Around 18% of the adult population can be considered unbanked or underbanked in the US. So how can you build in tools, which really provide better access and opportunity for those communities? I think there’s a social need to do that.

More broadly, we will see digital banks and digital bank brands evolve from just being a bank to being more of a multi-tenant or multi-product provider for their customer base. It’s very slow right now, but I expect we’ll see more and more M&A and JV activity, as incumbent banks realize they may not have the brand equity to reach certain segments, or they may not have the innovation to drive certain kinds of product launches overnight. So how do they partner with the provider who can?

They can figure out a revenue share model. We’ve been talking a lot to some of our clients about this: you have a digital bank brand really own the customer on the front end, and the positioning and the customer acquisition. But some of the products, particularly the complex lending products are actually underwritten by a larger incumbent.
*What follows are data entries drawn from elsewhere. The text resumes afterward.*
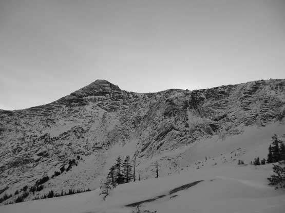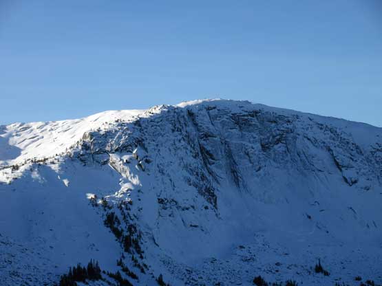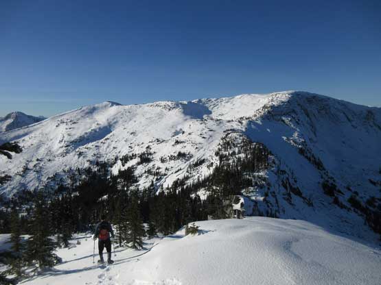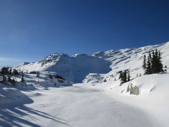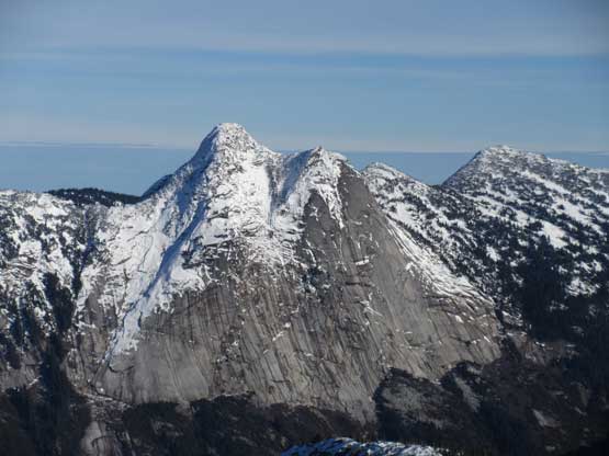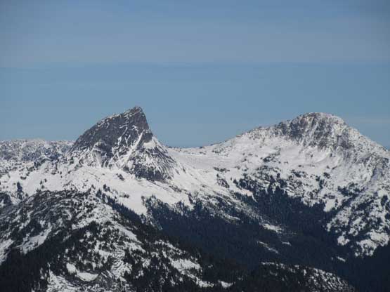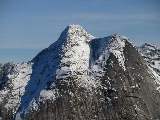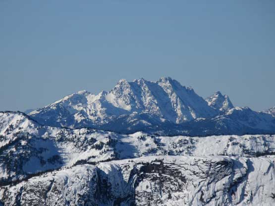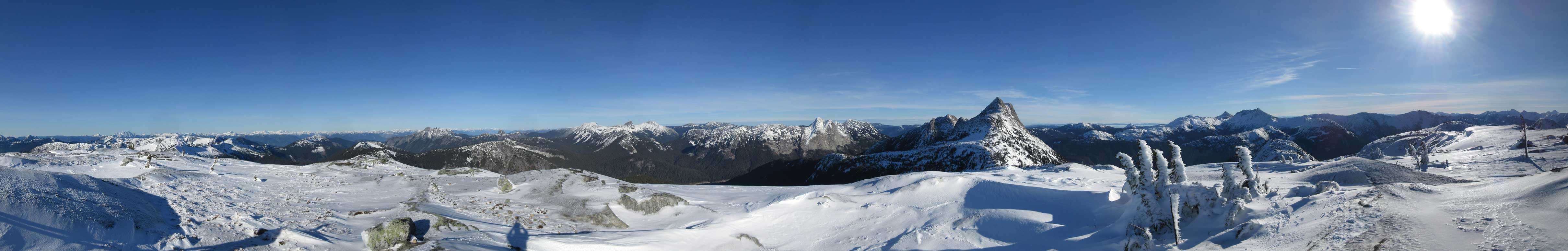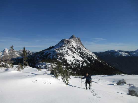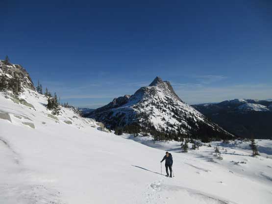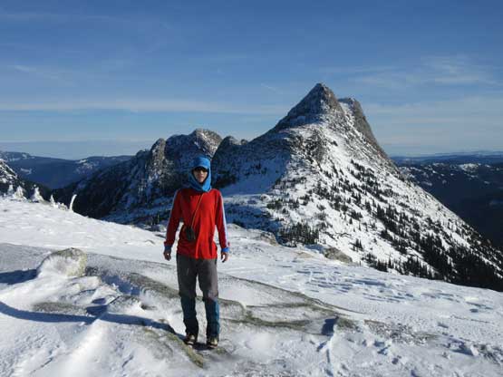 From the Needle/Flatiron saddle we followed the connecting ridge up the NE Ridge of The Flatiron until underneath an imposing rock buttress. The vertical step would require technical mixed climbing so we traversed leftward into a broad cirque above a small, frozen tarn. From there it’s just a matter of putting one foot in front of another snowshoeing straight up to the flat summit with a green missile tower.. The crust was very supportive on this aspect making some fast travel. We explored the summit dome for a while in order to soak in all views.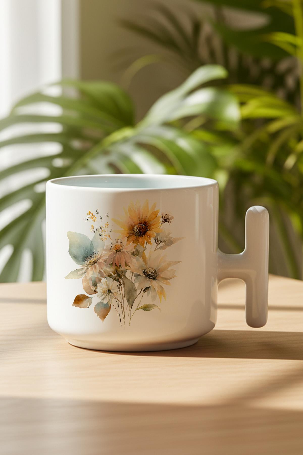 Ayçiçekleri Sonbahar Teması No:2 Baskılı Hediyelik T Kulplu Latte Fincanı Kupa Bardak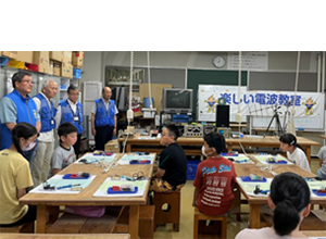 電波教室ではおもしろ電波教室のDVDを視聴後、身近にある電波、技適マークについて説明を行い、実験機材を使って目には見えない電波を確認する体験をしていただきました。その後、FMラジオの組み立てを行いました。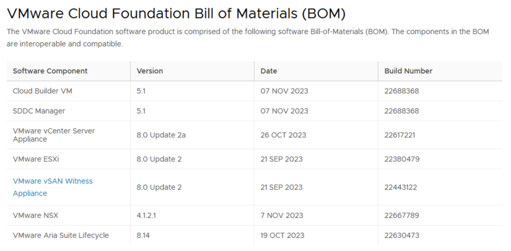 There are a few easy things to check that might be enough to get on the right track. First, read the release notes for the version of VMware Cloud Foundation (VCF) that is being installed. One of the most important pieces of information in the release notes is the Bill of Materials (BOM).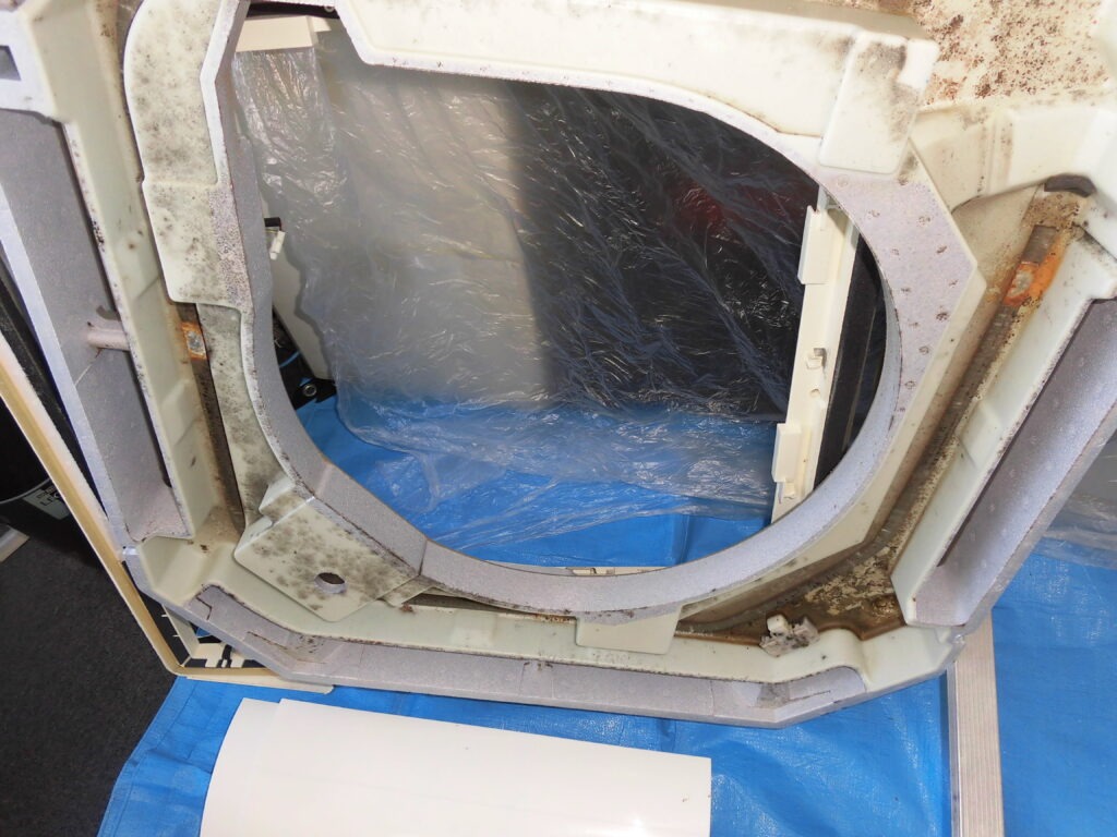 洗浄前のドレンパンにはカビや汚れが付着しています。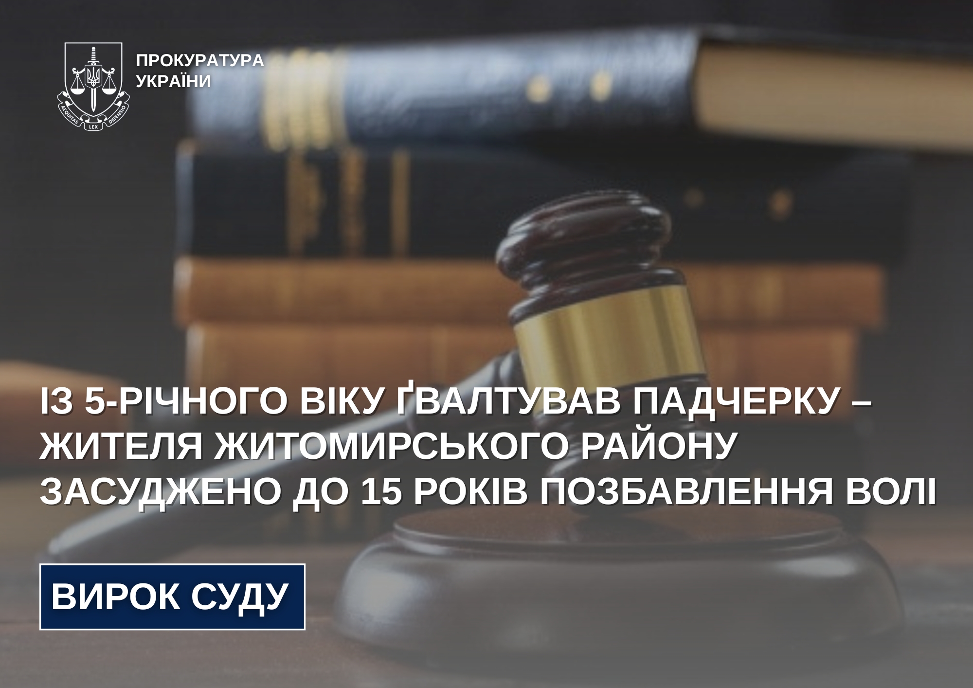 Із 5-річного віку ґвалтував падчерку – жителя Житомирського району засуджено до 15 років позбавлення волі

And there’s some kind of revenue share mix, which benefits both parties. I think we’ll start to see a lot of that.

In Europe, we’re hearing a little about digital bank on digital bank acquisition. As the path to profitability becomes more and more of a burning issue, I think we’ll start to see more of that, as well.

I think we’ll see more and more demand from consumers and from small business owners for better digital experiences, more transparent products and pricing, and banks to show up differently in terms of ESG. And from a values perspective, which could actually be more of a decisive driver in terms of who and where people choose to bank with, we’re excited about where that goes. It levels the playing field and it brings new entrants in. Lastly, there’s obviously the question around how the regulation and the regulatory environment in the US will will adapt and evolve to enable and safeguard the system at large as we see this disruption.